Input data -
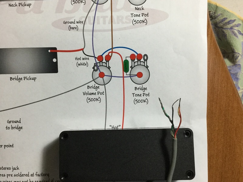 Hi, greetings from U.S. First build, 5 string bass. Per the 2 humbucker, 4 pot wiring diagram, Looks like the only wire from each pickup that's used is the white and ground. Doesn't seem right. The white & red are twisted together and the green and bare are as well. Black is by itself. Do I separate these And just use the white wire as the only wire or use the red and white together and the grounds from the pickups, rest are all jumpers. Just cut off the black wire?
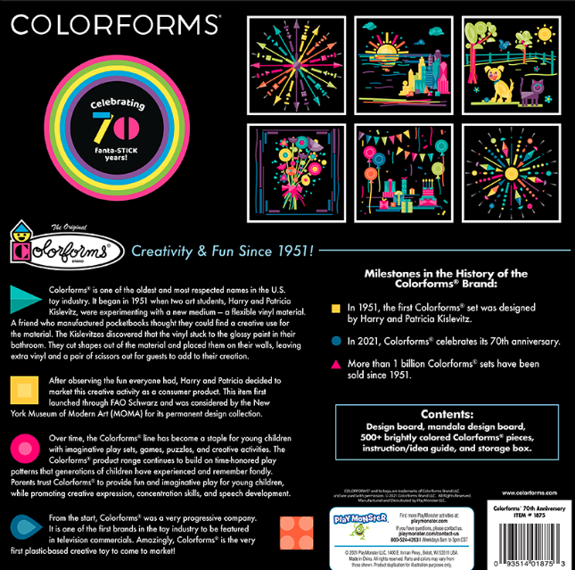 Colorforms have inspired creative expression and fun for 70 years! Celebrate this important milestone with the Colorforms 70th Anniversary Set! The classic, repositionable shapes provide endless opportunities for imaginative storytelling, and the countless combinations enhance learning through open-ended play. With pieces that Stick Like Magic, it’s more fun to play the Colorforms way!
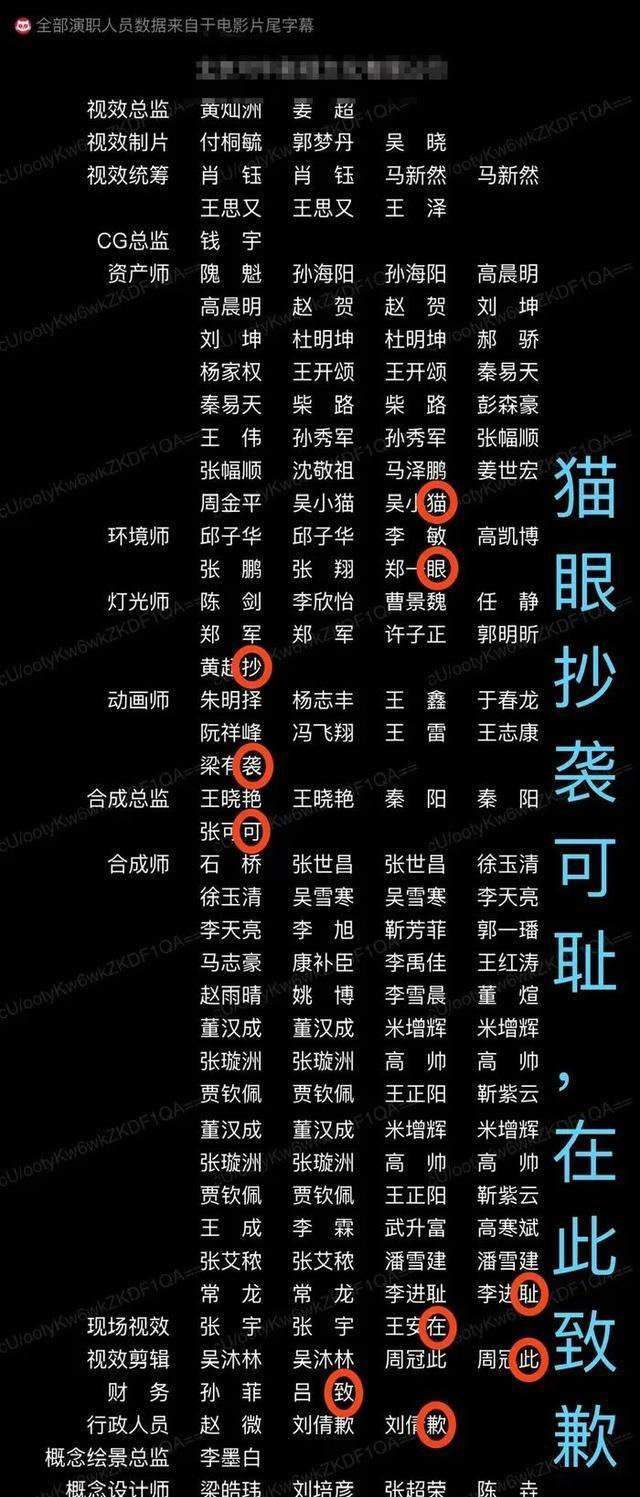 CMDB团队那可是相当有策略,为了给“猫眼专业版”的抄袭行为来个“当场抓获”,在新发布的春节档大片《封神第二部:战火西岐》的数据里,他们故意设了个“小陷阱”。他们在数据里偷偷加了一个片尾字幕里压根就没出现过的人名“吴小猫”,同时还虚构了好多其他名字。嘿,你猜怎么着?这“猫眼专业版”就像个没长眼睛的小迷糊,照单全收,把这些虚构的内容都一股脑儿地抄过去了。而且啊,CMDB在文章里还透露了个超有趣的细节,他们故意把每个职位最后一个名字的最后一个字串起来,连读就是:“猫眼抄袭可耻,在此致歉。”这简直就是在给“猫眼专业版”来了个公开点名批评,太有戏剧性了。
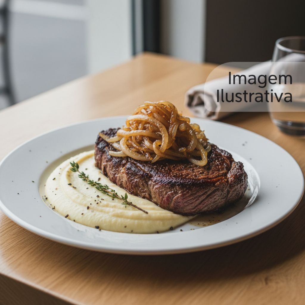 Bife acebolado suculento servido com purê de couve-flor cremoso, ideal para um almoço leve.

What you need to do - Pictures stay out; all other material above is restated word for word.

Solution -
 Hi, greetings from U.S. First build, 5 string bass. Per the 2 humbucker, 4 pot wiring diagram, Looks like the only wire from each pickup that's used is the white and ground. Doesn't seem right. The white & red are twisted together and the green and bare are as well. Black is by itself. Do I separate these And just use the white wire as the only wire or use the red and white together and the grounds from the pickups, rest are all jumpers. Just cut off the black wire?
 Colorforms have inspired creative expression and fun for 70 years! Celebrate this important milestone with the Colorforms 70th Anniversary Set! The classic, repositionable shapes provide endless opportunities for imaginative storytelling, and the countless combinations enhance learning through open-ended play. With pieces that Stick Like Magic, it’s more fun to play the Colorforms way!
 CMDB团队那可是相当有策略,为了给“猫眼专业版”的抄袭行为来个“当场抓获”,在新发布的春节档大片《封神第二部:战火西岐》的数据里,他们故意设了个“小陷阱”。他们在数据里偷偷加了一个片尾字幕里压根就没出现过的人名“吴小猫”,同时还虚构了好多其他名字。嘿,你猜怎么着?这“猫眼专业版”就像个没长眼睛的小迷糊,照单全收,把这些虚构的内容都一股脑儿地抄过去了。而且啊,CMDB在文章里还透露了个超有趣的细节,他们故意把每个职位最后一个名字的最后一个字串起来,连读就是:“猫眼抄袭可耻,在此致歉。”这简直就是在给“猫眼专业版”来了个公开点名批评,太有戏剧性了。
 Bife acebolado suculento servido com purê de couve-flor cremoso, ideal para um almoço leve.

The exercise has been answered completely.